核兵器の惨状を伝える原爆ドーム『広島平和記念資料館』。犠牲者の魂を慰め、恒久の平和を願う『広島平和記念公園』。これらは、平穏な毎日がどれほど尊いものかを教えてくれます。

 

ぜひ、世界中の人々に訪れてほしい場所です。

 

JR広島駅からは約2キロ。アクセスには路面電車やバスを使うと便利です。また、宮島〜原爆ドームをつなぐ高速船「ひろしま世界遺産航路」もあります。

 

それではご覧ください。

 

 

原爆ドームとは

原爆ドームとは一体何か?

 

その存在こそ有名ですが、詳しいことまで知らない・・・という人も多いかもしれません。ここでは詳細に触れながら、見て感じたことをお伝えしますね。

 

原爆ドームは、元々広島県の物産を展示したり、販売したりする施設でした。

 

設計を手掛けたのは、チェコの建築家ヤン・レツル氏。ドーム状の屋根を持つ、木材+煉瓦+鉄筋コンクリートの3階建てです。当時としては、前衛的でおしゃれな建物だったのではないでしょうか。

今や、被爆後の姿の方が有名になってしまいましたね。保存のため、現在は建物の周りには柵が設けられています。目の当たりにすると、その凄惨さに声が出ませんでした。

 

頑強な建物も、この有様です。中にいた人は全員即死だったらしく、こんな丈夫そうな建物の中でも命を守れなかったのか・・・と、ただ驚くしかありません。

 

このドームのすぐ横には、元安川という大きな川が流れていますが、この川の中には現在も被爆者の遺品や被害にあった建物の部品が沈んでいるのだとか。水を求めて飛び込んだ人も多く、遺骨もあると言われています。

 

私はそうとは知らず、宮島から「ひろしま世界遺産航路」の船でこの川を通ってきました。

 

穏やかな川辺には、現在オシャレなカフェなどが立ち並んでいます。そんな街並みと原爆ドームが同時に視界に入ると、原爆ドームが「何年経っても忘れないで」と語りかけてきているような気がしてなりません。

 

『原爆ドーム』は核兵器の根絶と世界平和を願って、1996年に世界遺産に登録されました。

 

 

原爆ドームと平和記念公園

原爆ドームと川を挟んで隣接する、『広島平和記念公園』。

かつてこのあたりは繁華街だったそうですが、現在は都市公園となっています。

こちらは、公園内にある「動員学徒慰霊塔」です。

 

広島市内では建物疎開のため、国民学校高等科以上の生徒が約8400人作業にあたっていました。

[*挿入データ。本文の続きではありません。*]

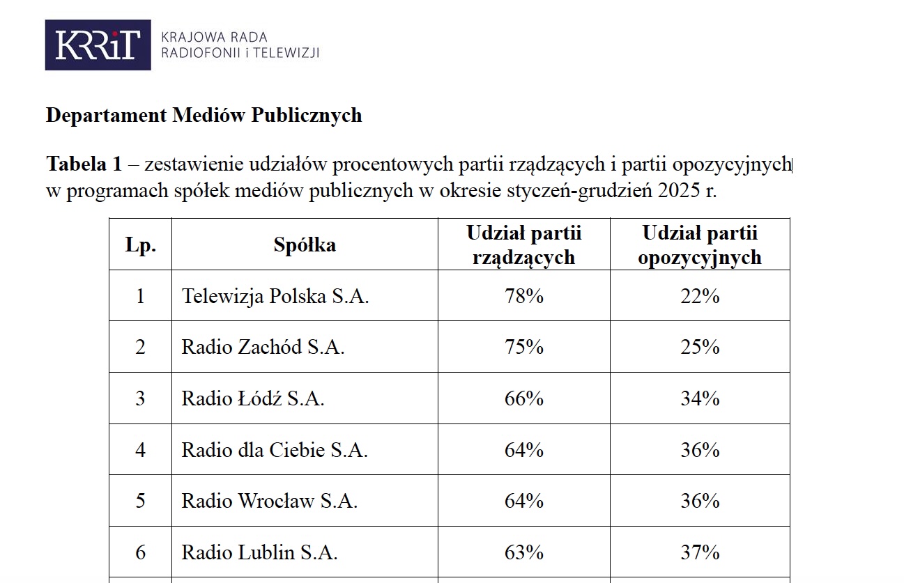 W 2025 roku aż 75 proc. czasu antenowego poświęconego partiom politycznym przypadło ugrupowaniom rządzącym, a jedynie 25 proc. – opozycji. To najgorszy wynik wśród publicznych nadawców radiowych i drugi – po Telewizji Polskiej, w tym TVP INFO – w całym sektorze mediów publicznych.
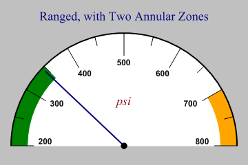 sp.SetMargins(24,24,12,12); sp.Heading = "Ranged, with Two Annular Zones"; sp.SetAxisStyle(Color.Black,LineStyle.Solid,2); sp.SetXLabelFont("Arial",12,FontStyle.Bold); sp.SetPenWidths(2); sp.SetBackground(Color.Silver,FillStyle.Solid); sp.SetChartBackground(Color.White,FillStyle.Solid); sp.SetXRange(200,800); sp.SetXTickMarks(100,1); xzones = new Zone[]{new Zone(200,350,Color.Green),new Zone(700,800,Color.Orange)}; sp.SetXZones(xzones); sp.XCaption = "psi"; sp.SetXCaptionFont("times",18,FontStyle.Italic,Color.Maroon); sp.DrawDialChart(345); This chart uses ‘annular’ zones (the default) to show two significant ranges in different colors. This gives a very clear indication of the health (or otherwise) of some key indicator of company performance. Multiple Pointers and Zones
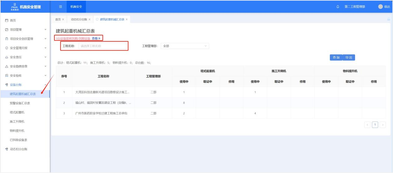 点击菜单进入建筑起重机械汇总表页面,点击即将到期/到期设备【查看】可跳转至预警设备汇总表。筛选工程名称,点击【查询】按筛选条件查询。点击【导出】可以导出汇总表内容。页面展示总计数据,包括塔式起重机台数、施工升降机台数、物料提升机台数和总台数。
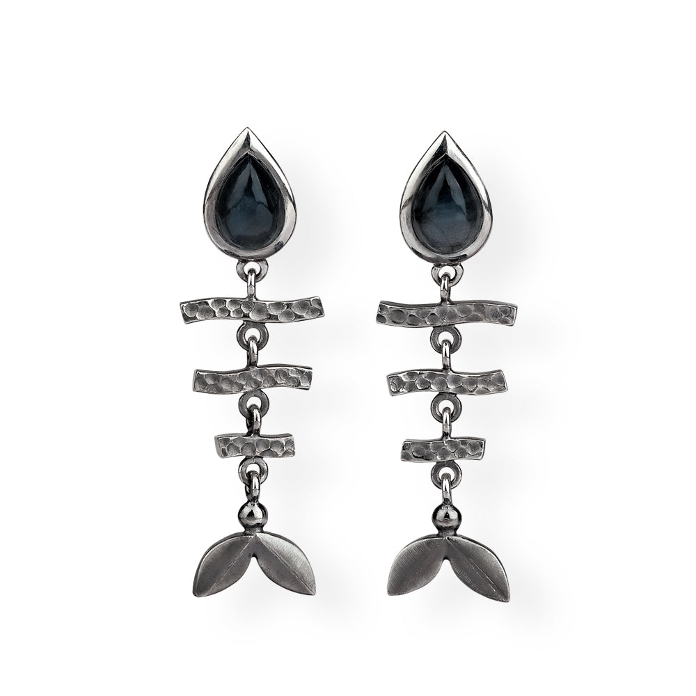 Die schönen, geheimnisvoll blau bis schwarz schimmernden Labradorite in Tropfenform sind glänzend eingefasst. Bei ihrem Anblick träumt man doch gleich von einer Nacht auf dem Meer. Diese Fischlein sind ganz außergewöhnlich und zart, mit geschmeidigen, beweglichen Gräten. Sie träumen davon, mit ihrer neuen Besitzerin endlich alle Weltmeere zu bereisen. Wer angelt sie sich als erste? Zu diesen entzückenden Ohrhängern liefern wir große Poussetten. So lassen sich die frechen Fische besser fixieren und der Druck verteilt sich besser am Ohrläppchen.

そして、そのうちの約6300人が亡くなっています。

 

(建物疎開=空襲による市街地の大規模火災を防ぐため、木造民家等を解体する)

 

この塔は遺族の献金により完成しました。

正面には観音像、壁画の裏側には亡くなった学徒の方々の出身校が刻印されています。

児童雑誌「赤い鳥」の創刊者である鈴木三重吉の胸像もありました。鈴木氏は広島市出身なのですね。隣の碑文の上には、子供が2人腰掛けています。

頭上に折り鶴を掲げる、「原爆の子の像」。

その後ろには、色とりどりの千羽鶴が飾られています。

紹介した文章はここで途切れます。